The poems of Part II carry a profound feeling of loss, which culminates in the final poem of the section, “The Calling.” In this three-part poem, the speaker returns to a vastly changed landscape with a torn-down temple and “old rusted pipes bursting like shredded paper” (54). The speaker meets a friend, “Madri coming from the mist,” who requests:
When the last child died of thirst, when the old woman
goes past the furthest house and disappears in the desert,
when the last bull has withered to its ribs, breathed its final
breath, and the mourners still gather ten years later,
still say my name and sip the same tea on the same rug
in the same yard, when the water never comes again
to the dry riverbed, and it has been dammed upstream,
when all the herdsmen have waited hours
for its drops—who will write about his place? (56).
Brown turns this question into an assertion of poetic vocation: “I said I will I said I have to and then I walked past” (56). “The Calling” encapsulates the thematic concerns of this collection by first revealing the shock and pain of displacement, and second, by expressing the desire to re-member lost places and people.
If Parts I and II are characterized by remembrance of home, Part III initiates the search to establish a new one. The poems in this section capture the sense of isolation that comes with a wandering existence. In “Continental Drift,” the speaker expresses the desire to stay in touch with a friend from the past but recognizes the impossibility of intimacy over long distance. The speaker is “readying and not readying, / searching and not searching for you dear brother” (70). He wants to call this “dear brother” to “speak in pixelated voices / a conversation we’ve been meaning to have, but haven’t been—for whatever reason, the line’s disconnected long ago” (70). Here is Brown cut adrift.

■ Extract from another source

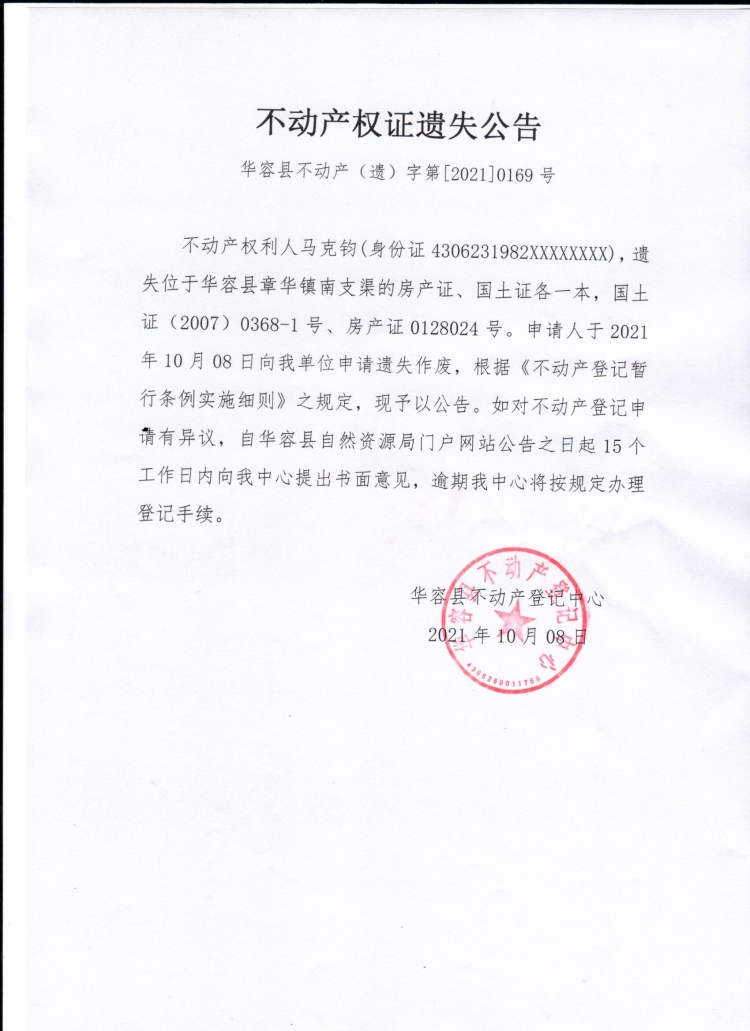 不动产权证遗失公告【国土证 房产证(马克钧)】
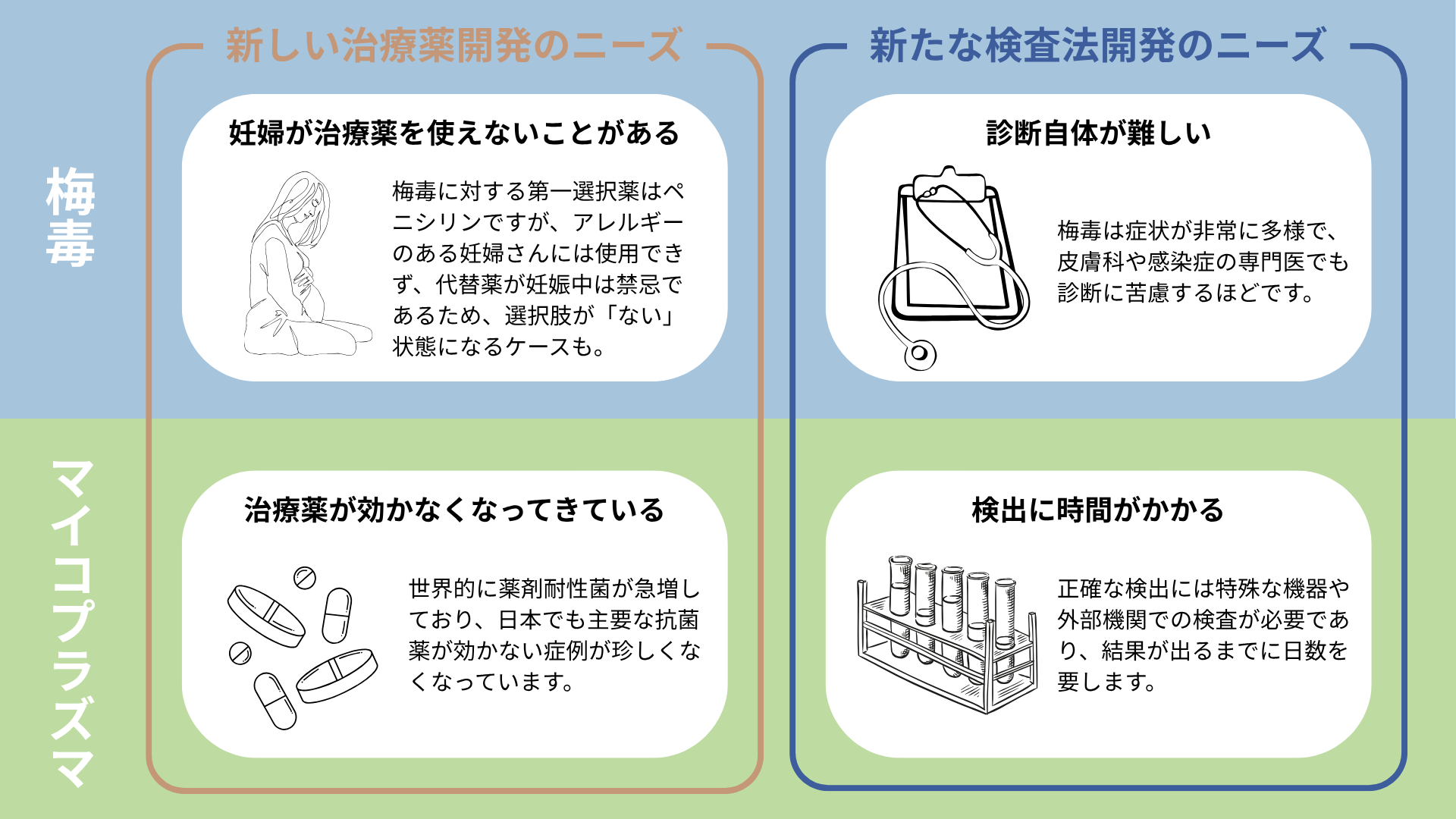 梅毒とマイコプラズマ――それぞれ異なる深刻な課題を抱える性感染症に対して、今こそ「新しい治療薬開発」・「新たな検査法開発」が急務です。

The last section also includes the stirring, five-part poem “Ceremonial,” where names keep appearing to the poet-speaker as he recalls the past. These people inhabit his recollection, yet memory can only do so much: “To move in progress is to regress into the present of past / to find myself // echoed in memory, rather than returned to who I once was” (78). Paradoxically, memory strains toward a coherent sense of self through a remembrance of past experiences. This poem—and the collection as a whole—understands that to remember means to gain and lose at once. While memory maintains a connection to the past, it also makes apparent the impossibility of returning to it.

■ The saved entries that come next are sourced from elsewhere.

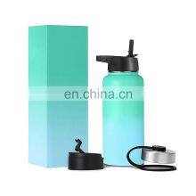Sport Bottle With New Wide Handle Straw Lid Wide Mouth Vacuum Insulated 18/8 Stainless Steel Sports Water Bottle 32oz Gradient
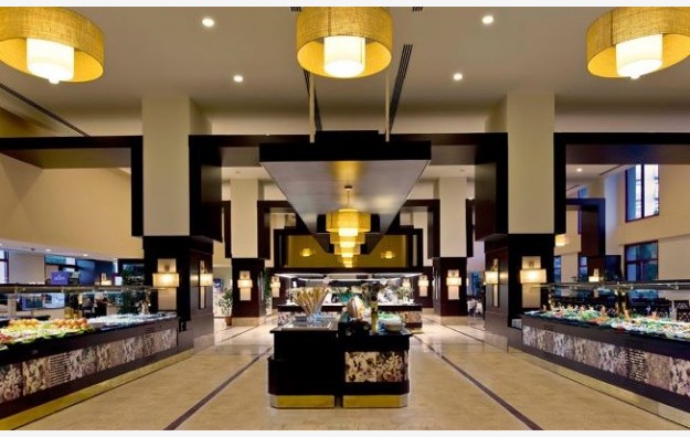 Hotelski sadržaj: Recepcija, 2 glavna restorana, 2 a la carte restorana, dijetalni meni, 13 barova, 2 unutrašnja i 5 spoljašnjih bazena, 5 dečijih bazena, 6 đakuzija, akva park sa 19 tobogana (10 dečijih), bioskopska sala, dnevne i večernje animacije, mini klub (za decu od 4-12 godina), teenage klub (za decu od 13-17 godina), mini disko, igraonica, aerobic u vodi, bocanje, pikado, stoni tenis, odbojka na pesku, teniski teren, košarka, tursko veče, hamam, sauna, parna soba, teretana, bilijar (uz doplatu), wi fi (u lobiju).
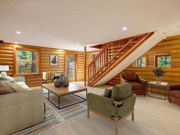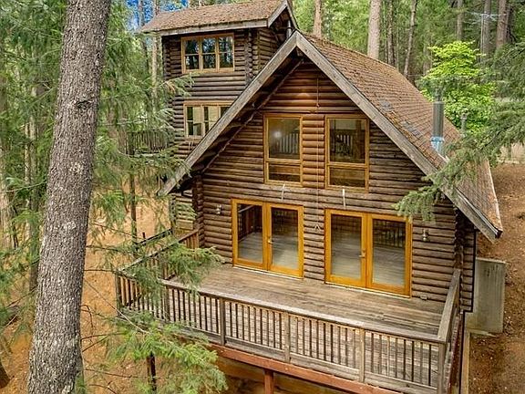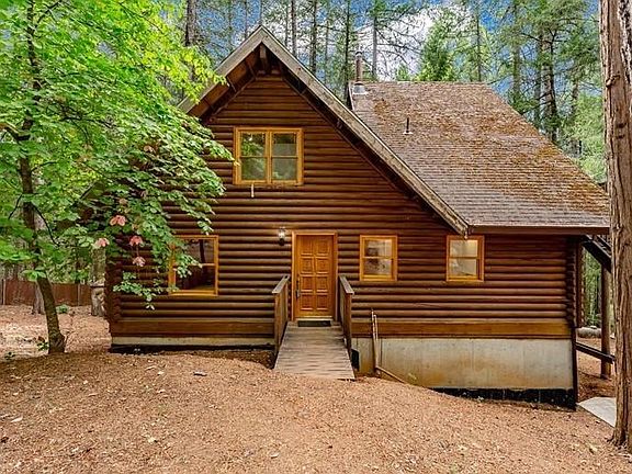 Two fabulous log homes and a detached 4 car garage on a pretty 1.6 acre natural parcel in Nevada City! The main home has a dramatic open floor plan with vaulted open beam ceilings, wood floors and beautiful madrone windows and doors. Handicapped friendly accommodates the whole family! Lots of natural light dances throughout this home and there is a huge partially finished basement on the lower level that can be expanded. The detached guest cabin is adorable with a full bedroom and bath, and a second office with 1/2 bath. The main home is 1453 s.f., but feels huge and the guest house is 640 s.f. The shop is huge and can accommodate 4 large vehicles and has a wood stove. The driveway is circular with two entry gates and year round Rock Creek is at the bottom of the property! All Natural landscaping, with the exception of the garden area that benefits from a big producing well! Extra 2500 gallon holding tank located next to two extra outbuildings for your toys and yard equipment! High speed Fiberoptic internet makes a joy to live and work at home! Enjoy the endless possibilities this property has to offer with flexibility for income, family members or a lovely home office!

But Brown shows in Acacia Road how this disquieting experience of memory can be transformed into art. In the spirit of Milosz, Brown’s poetry becomes a “second space,” a “Memory Palace” (the tile of one of Brown’s poems) that offers some consolation in what is often a sorrowful search for belonging. While loss permeates the volume, Brown affirms poetry’s potential to transform memory into a place of solace.